Par ailleurs, ce dernier juge inacceptable et « d’une tristesse infinie » le « blocage idéologique » exercé par certains médecins de soins palliatifs dans les centres hospitaliers universitaires de McGill (CUSM) et de l’Université de Montréal (CHUM), où un faible nombre de demandes ont été autorisées, malgré l’important bassin de population desservi par ces centres. « Les lits n’appartiennent pas aux médecins, mais aux patients, a déploré le Dr L’Espérance. Ces médecins confondent l’objection de conscience avec les agissements d’une organisation payée à même les taxes du public. »

4 commentaires
  • Christian Debray - Abonné 23 juin 2016 06 h 17

    Dr de la mort

    Le Dr L’Espérance est devenu ce que TVNDY a prévu depuis 3 ans, un docteur de la mort. Le ministre Barette a partiellement raison. Je suis rarement en accord avec lui, mais aujourd’hui je le suis. Si certains patients reçoivent une sédation, c’est qu’il y a eu de bonnes décisions, au minimum des tentatives. C’est de plus la preuve que les soins palliatifs sont la solution, pas la mort assistée (aide et médical étant des euphémismes).
    La peur de la souffrance est un facteur beaucoup plus fréquent que la souffrance elle-même, selon les chiffres de l’Oregon. La peur de devenir handicapé est encore plus fréquente. La peur est le motif le plus puissant et le plus courant. Prendre des décisions graves sous l’influence d’une émotion puissante, c’est une mauvaise façon de faire.
    Pour ceux qui disent que l’on achève bien les chevaux, je ne veux pas être traité comme un animal.

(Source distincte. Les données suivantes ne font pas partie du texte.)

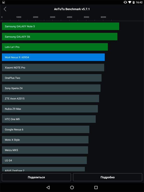 Мое первое впечатление от дисплея было и самым верным – тусклый. Привык пользоваться iPad третьего поколения (где экран ой как далек от идеального) на 70 процентах подсветки, а тут на максимуме все очень грустно. Мне не хватает яркости, а также от этого страдает качество картинки, цвета такие же тусклые, словно пыльные. Чем-то это мне напомнило Motorola XOOM, но он вышел в 2010 году. Взял такой планшет как Galaxy Tab S 8.4 c SuperAMOLED-экраном и максимальной среди всех устройств яркостью. Никакого сравнения, Nexus 9 просто из другой лиги. По экрану он проигрывает почти всем устройствам на рынке, возможно, сравним с бюджетными. На экране тут сэкономили, и очень сильно, правда, возможно и другое объяснение, что большая яркость приводила к дичайшему жору батарейки.
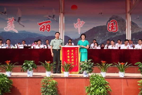 学院副院长张宗胜宣读了《关于表彰军训期间获奖单位和个人的通报》。表彰了2013级新生军训项目12个获奖单位,35个军训优秀训练标兵。由主席台就坐领导分别为获奖单位及个人进行颁奖,颁奖仪式结束后,为感谢济南军区承训部队对学院新生军训工作的付出与大力支持,学院董事长杨文亲自向部队领导赠送了锦旗。以此勉励获奖单位和个人发扬成绩,再接再励,在今后的工作、学习、生活中不断进取,勇于拼搏,取得更大的成绩。

    • Patrick Provost - Abonné 23 juin 2016 17 h 43

      Vous jouez avec les mots. La peur de la souffrance est aussi réelle que sera la souffrance annoncée. La raison prévaut.

      En fin de parcours, les soins palliatifs consistent à endormir le patient pour lui éviter les souffrances, physiques et mentales, afin qu'il n'ait pas conscience de sa propre mort. Moi, je lève mon chapeau devant ces gens qui veulent mourir dans la dignité et qui ont le courage de leur conviction et demande à mourir en toute conscience.

      Votre exemple du cheval qu'on achève est bien mauvais... Montrez plus de compassion envers un animal qu'envers un humain? Misère...

      En terminant, quand vous dites: "Prendre des décisions graves sous l’influence d’une émotion puissante, c’est une mauvaise façon de faire.", je comprends que vous n'êtes pas marié ou que vous le regrettez...

    • Christian Debray - Abonné 25 juin 2016 07 h 00

      Je suis très bien marié et très heureu, je viens de fêter mon 9e anniversaire de mariage.
      Non les soins palliatifs ne consistent pas seulement à endormir le patient. Ça c'est la sédation palliative qui est l'extrème mesure utilisée en soins palliatifs.
      La peur de souffrir est bien une peur mais pas la réalité de la douleur, J'en sais queque chose, je souffre de sténose de la colonne vertébrale causé par de l'arthrose dégénérative.
      Je ne veux pas que l'on me traite comme un annimal. Il n'y a pas de dignité supplémentaire à mourrir.

  • Yvon Bureau - Abonné 23 juin 2016 10 h 48

    Appui à AQDMD

    Le CMDL appuie les positions et les recommandations de l’AQDMD.

    Inacceptable et abominable que «certains médecins de soins palliatifs dans les centres hospitaliers universitaires de McGill (CUSM) et de l’Université de Montréal (CHUM), où un faible nombre de demandes ont été autorisées, malgré l’important bassin de population desservi par ces centres.»

    Si nous suivons la logique de ces médecins de SP, ils pourraient aussi enlever aux mourants le droit de refuser et de faire cesser les traitements, de demander un mourir sans aucune douleur même si cela avance le moment de la mort, au nom de la cohérence avec leurs valeurs de médecins !!! Que les dieux, les diables et les néants qui les habitent sortent d’eux!!!